Then we can get a random sample of UUIDs in sufficient number from the batch, send it to the client at the beginning of the session along with the other data, lock that batch until the client releases the session to avoid duplicate use, and have the client use these UUIDs until they run out, at which point it can request a new batch.

pnpnp · 2023-10-02T20:39:54

They’re also incredibly cheap to create & don’t need knowledge of each other. I mostly see batching of IDs like this when a lock is involved to prevent collisions & maintain performance.

With UUIDv7, you are reasonably sure that there won’t be collisions (check your use-case first), and can just generate them wherever on-demand (no locks required).

I’d argue batching IDs is actually more complicated than UUIDv7 for most use-cases.

rtsil · 2023-10-03T01:05:10

This was a solution to the UUIDv7 problem of being time-dependend and therefore may leak information. Create the UUIDv7 in advance by batch of 10,000, use these randomly, and you fix that problem.

0xEFF · 2023-10-02T15:13:59

Every access and id token issued by oidc already has an issued at (iat) and expiration (exp) fields.

throwaway167 · 2023-10-02T13:53:27

Just randomise your clock.

/s

Persistent IDs are a security and information risk. If that's a concern, don't persist IDs.

greatgib · 2023-10-02T10:17:11

Fyi, the timestamp is already encoded inside uuid4. But for having a good distribution of values, the low bits half of the timestamp is stored before the high bits half.

Here uuidv7 will just re-order that. So the content of the uuid in itself does not change.

mafuy · 2023-10-02T10:24:51

No, this was the case in earlier uuids.
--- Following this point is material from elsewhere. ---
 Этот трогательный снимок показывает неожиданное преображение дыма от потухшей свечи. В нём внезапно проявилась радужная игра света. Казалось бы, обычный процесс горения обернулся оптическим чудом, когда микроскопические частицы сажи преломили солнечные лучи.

In v4, there is no timestamp.

greatgib · 2023-10-02T10:37:13

Indeed you are right, just the other ones.

woile · 2023-10-02T06:15:52

Could you explain a bit more how it would be a risk? Maybe for session tokens is understandable. But why leaking account created info is a problem?

logicchains · 2023-10-02T10:53:21

Leaking a monotonic ID could allow outside observers to estimate e.g. number of accounts created or products sold over certain timeframe. Competitors (or traders, for a public company) could use this like a form of inside information on the company (e.g. sell the stock if the rate was falling).
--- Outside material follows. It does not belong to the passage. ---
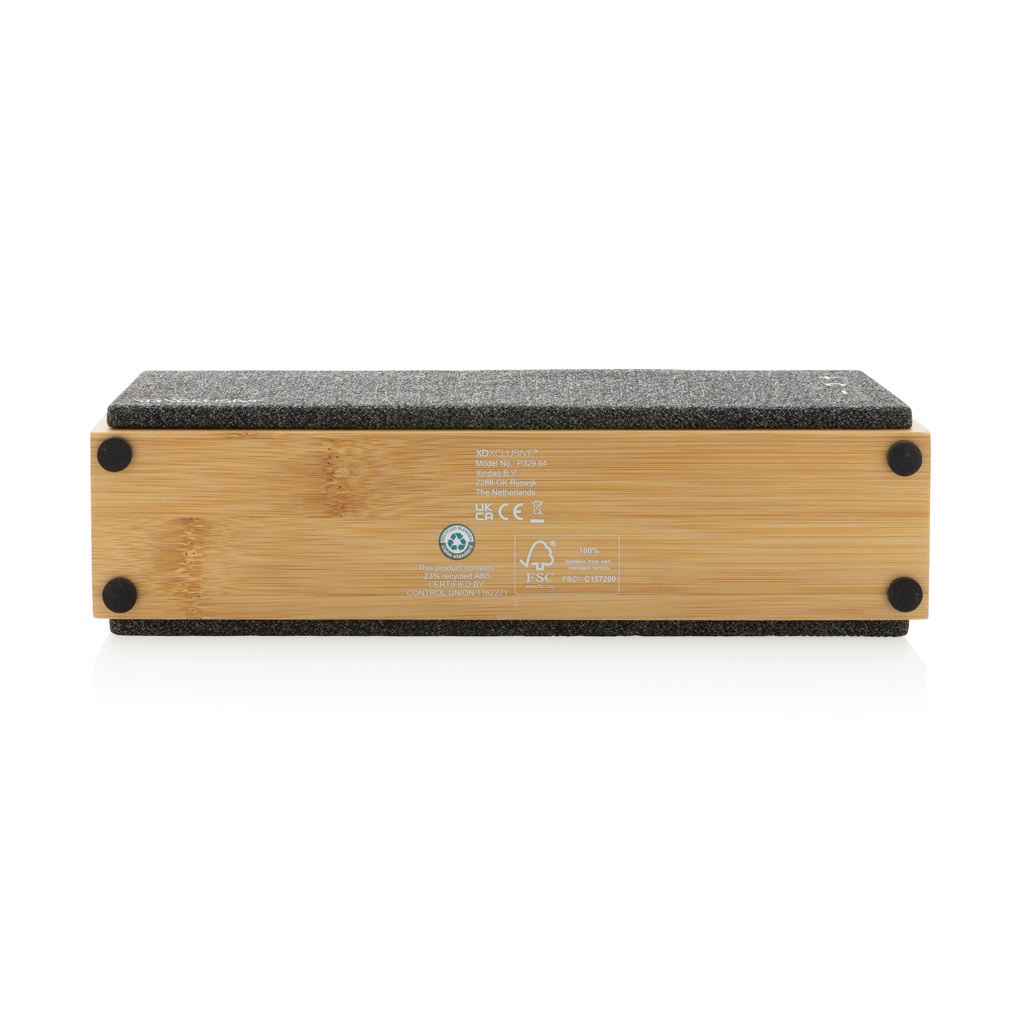Ylellinen 10W kaiutin selkeällä äänentoistolla ja vahvalla bassolla. Ulkokuori on valmistettu FSC 100% sertifioidusta bambusta. Muoviosat on valmistettu RCS (Recycled Claim Standard) sertifioidusta kierrätetystä ABS-materiaalista. Kierrätetyn materiaalin kokonaismäärä: 23% perustuen tuotteen painoon. RCS sertifiointi varmistaa kierrätetyn materiaalin täysin sertifioidun toimitusketjun. Kaiuttimessa on BT 5.1 sulavaa toimintaa varten jopa 10 metrin kantamalle ja alhaiselle energiankulutukselle. 2000 mAh akku mahdollistaa jopa 6 tunnin toistoajan ja se voidaan ladata uudelleen 2 tunnissa. Vastaustoiminnolla ja mikrofonilla puheluita varten. Pakattu FSC-sekoituksesta valmistettuun kraft-pakkaukseen. Sisältää RCS sertifioidun TPE-latauskaapelin.

gorkish · 2023-10-02T17:28:41

This would really only be possible if you leaked a monotonic sequence; the monotonic clock only would potentially leak only event ordering or absolute time.

IMO it's not the job of the identifier itself to prevent information leakage vulnerabilities though; if thee is sensitivity to this, the solution should be explicit, such as employing a secondary key derived from the UUID using a secure KDF or similar.

fanf2 · 2023-10-02T11:01:28

UUIDv7 does not leak the allocation rate of UUIDs.

andrewmatte · 2023-10-02T04:31:33

jonhohle, thanks. Do you know of examples of when milliseconds are part of the session tokens or accounts being created has been exploited?

tgv · 2023-10-02T05:14:52

The German tank production capacity was estimated by serial numbers of captured tanks. There are ways to read all kinds of information by observing energy usage. High resolution time and sequence data undoubtedly reveal more than you’d like.

CSDude · 2023-10-02T06:19:33

Most of our lives as boring SaaS etc. software developer will not be near as exciting as this, but of course you may never know.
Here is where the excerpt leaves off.